薬物動態および薬力学評価として、FVB/Nマウスに対して50 mg/kgの単回腹腔内 (i.p.) 投与を行い、血清中のcyst(e)inase濃度およびL-Cys、CSSCを含む硫黄含有代謝物の経時的変化をUHPLC-MS/MS (ultra-high performance liquid chromatography-tandem mass spectrometry: 超高速液体クロマトグラフィー・タンデム質量分析) により測定した。また、カニクイザル2頭に対して8 mg/kg of body weightの単回静脈内投与を行い、血清中L-Cys/CSSCの枯渇期間および血液学的・生化学的毒性を評価した。

In vitro評価では、前立腺がん細胞株であるPC3、DU145、およびHiMycマウス由来のHMVP2細胞、さらにTCL1-Tg:p53-/-マウス脾臓由来のCLL細胞および患者由来CLL細胞を用いた。細胞生存率はAlamar Blueアッセイ、MTT (3-(4,5-dimethylthiazol-2-yl)-2,5-diphenyltetrazolium bromide: 3-(4,5-ジメチルチアゾール-2-イル)-2,5-ジフェニルテトラゾリウムブロミド) アッセイ、またはアネキシンV/PI (propidium iodide: プロピジウムイオジド) 染色を用いたフローサイトメトリーにより測定した。細胞内ROSレベルはDCFDA (2’,7’-dichlorofluorescin diacetate: 2’,7’-ジクロロフルオレセインジアセテート) 蛍光試薬を用いて検出し、GSHレベルは分光光度法により定量した。

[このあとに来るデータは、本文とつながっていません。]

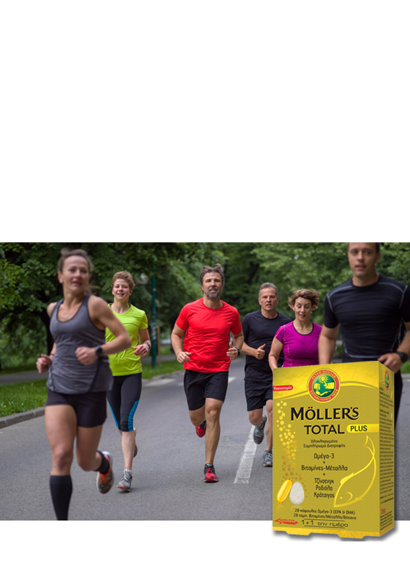 Το Mӧller’s Total PLUS παρέχοντας συνεργικό συνδυασμό ωμέγα-3 λιπαρών οξέων με πλήρη σειρά βιταμινών, μεταλλικών στοιχείων και με επιλεγμένα βότανα, καλύπτει διατροφικές ελλείψεις και ανεπάρκειες, προστατεύοντας μακροπρόθεσμα από πλήθος παθήσεων, ακόμη και πολύ σοβαρών, ενώ ταυτόχρονα προσφέρει αμέσως ενέργεια, ζωτικότητα και ευεξία, συμβάλλοντας καθοριστικά σε μια καλύτερη ποιότητα ζωής.
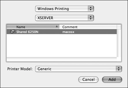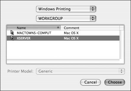 Windows Printing If your Windows network is configured with multiple workgroups, select the appropriate workgroup from the pop-up menu. Initially you'll be presented with computers running Windows (SMB) printer sharing. Select a computer from the list, and click the Choose button (Figure 7.31). You'll have to authenticate with a user account (Figure 7.32). Then, select the printer from the list, and click Add (Figure 7.33).
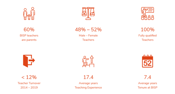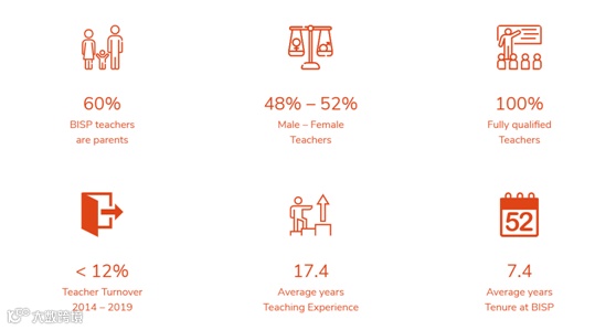 BISP不仅是普吉岛上学生数量最多的国际学校,她也是教师人数最多的国际学习,全校共有110位教师,来自16个不同国家,教师的平均任教经历为17.4年,而最重要的是这里教师在本校的平均任教经历达到了惊人的7.4年,也就是说BISP的老师的跳槽率非常低,这是保证教学质量的关键因素。
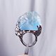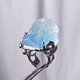 呼应蓝萤石的雪山风貌,戒台精工拉**海浪、祥云**型纹,镶制**立体、镂空**华美戒台(纯银镀白K金)、点缀**白锆石**拟**纷飞的雪花冰晶**,戒面下(**开窗**)可见本件蓝萤石之高透光感。
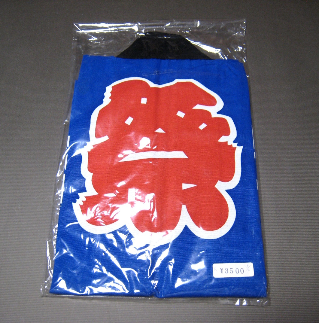 法被 子供用 青色 未使用保存品 着丈51.5cm 腰ひも 祭り ハッピ 5~6歳 太鼓 日本製 綿100% 收藏
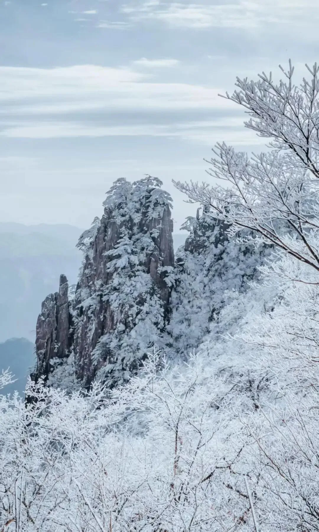 将三千奇峰镌成银装素裹的仙境画廊
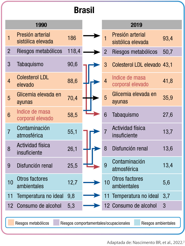 El análisis del estudio Global Burden of Disease (2019), permitió evaluar los cambios en los factores de riesgo (FR) atribuidos a la morbilidad y mortalidad por enfermedades cardiovasculares (ECV) (Figura 2).2
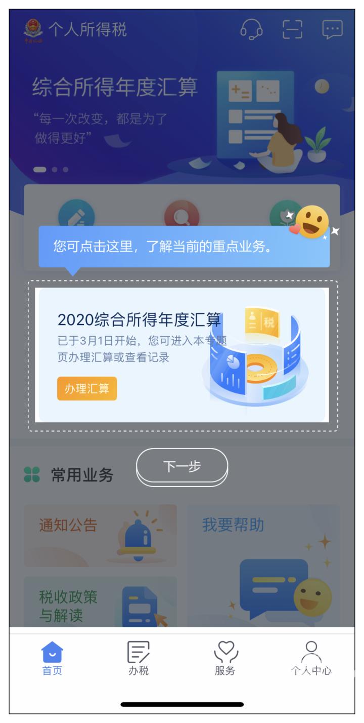 登录个税App,进入首页“综合所得年度汇算”时,如果2019年度尚未完成申报,要先完成该年度汇算申报,才可以申报2020年度汇算。

In vivo抗腫瘍試験では、HMVP2細胞を同種移植したFVB/Nマウス、DU145およびPC3細胞を皮下移植したヌードマウス、MDA-MB-361乳がん細胞を乳腺脂肪体に移植したNOD SCIDマウスを用いた。治療群には50 mg/kgまたは100 mg/kgのcyst(e)inaseを3-4日おきに腹腔内投与し、腫瘍体積の推移を測定した。統計解析には、2群間比較としてStudent’s t-test、多群間比較としてone-way ANOVA (analysis of variance: 分散分析) またはtwo-way ANOVAを用い、生存曲線解析にはlog-rank検定を適用した。動物実験はすべてIACUC (Institutional Animal Care and Use Committee: 機関動物ケア使用委員会) の承認を得て実施した。